The Bond franchise is still going strong more than 50 years after its inception. Thanks to the abundance of books and stories about everyone’s favourite spy, we believe its popularity will never fade away. Expensive cars and drinks, beautiful women, international spy mastery, and lavish casinos are the driving force behind these movies apart from the plot, which, to be honest, always ends up with Bond saving the world (and getting the girl or girls).

James Bond, as most of you probably know, is a huge fan of gambling. Almost every movie about the British spy features a gambling scene. Not all of them get it right, of course. That’s not a Bond movie problem – gambling and casinos are wrongfully portrayed even in movies centred on gambling.
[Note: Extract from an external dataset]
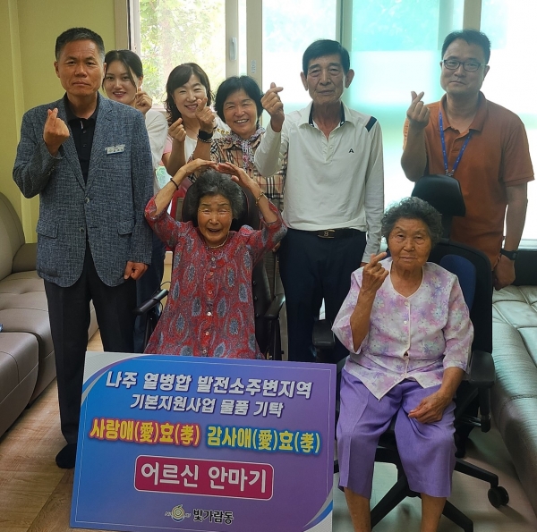 이계택 빛가람동 노인회장은 “안마기를 기증해 주신 따뜻한 마음은 경로당 회원들에게 큰 위로가 될 것”이라며 “어르신의 건강하고 활기찬 여가 활동을 위한 관심과 나눔에 감사드린다”고 말했다.

Read, for example, any William Hill online casino review and you’ll see that you can’t just put your Jaguar keys on the table or play for hundreds of millions – casinos usually have pretty restricted bet sizes.

3 Things Bond Movies Get Right About Casinos

The Atmosphere and Luxury
Bond never plays in small-time shady casinos. When he hits the tables, it’s usually at the most lavish casinos with everyone dressed up and bets costing more than your yearly salary. The truth is that there are many similar VIP casinos nowadays where high rollers ply their trade.

Ian Fleming once said that upmarket gambling clubs along with skill at gambling and how to behave in casinos were attributes of a gentleman just like Bond. Moviemakers were surely on point in this regard.

Tipping the Dealers
We’ve seen Bond leaving a table after a game of baccarat or poker and tipping the dealer with a generous chip. In 2006’s Casino Royale, for example, he slides a $500K chip to the dealer who gets it and thanks Bond for his generosity.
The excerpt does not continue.